The episode with C&W raises serious questions about judgment at the highest levels of PCCW management, starting with chairman Li. The most positive spin on the company's dueling statements over the past week is that management changed its mind repeatedly. When you're talking about spending $4 billion you haven't got, investors would expect more decisiveness, as well as some discernible clarity of purpose.

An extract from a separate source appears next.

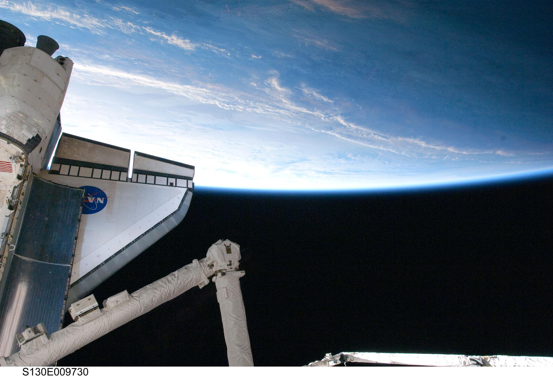 S130-E-009730 (17 Feb. 2010) --- Backdropped by Earth?s horizon and the blackness of space, a portion of space shuttle Endeavour is featured in this image photographed by an STS-130 crew member while Endeavour remains docked with the International Space Station.

One analyst warned of a "Richard Li discount" on PCCW shares. The C&W flirtation indicates that instead of focusing of the challenges of his profitable (except for all that debt) but boring local telecom shop, Li longs for his days as a global deal maker with his mug plastered on the magazine covers with the lie about his Stanford degree inside, and will put investors at risk to recapture those glory days.

Years ago, when Washington, DC, mayor Marion Barry faced criminal charges based on a police videotape showing him smoking crack cocaine and pressure to resign his office ahead of a pending election, professional do-gooder Jesse Jackson suggested that he'd offer himself as a candidate to rescue the US capital from this embarrassing situation. Mayor Barry dismissed the notion that Jackson would want to tackle the headaches of managing the city, clucking, "Jesse don't want to run nuthin' but his mouth."

Propositioning C&W indicates Li has little interest in running PCCW sensibly.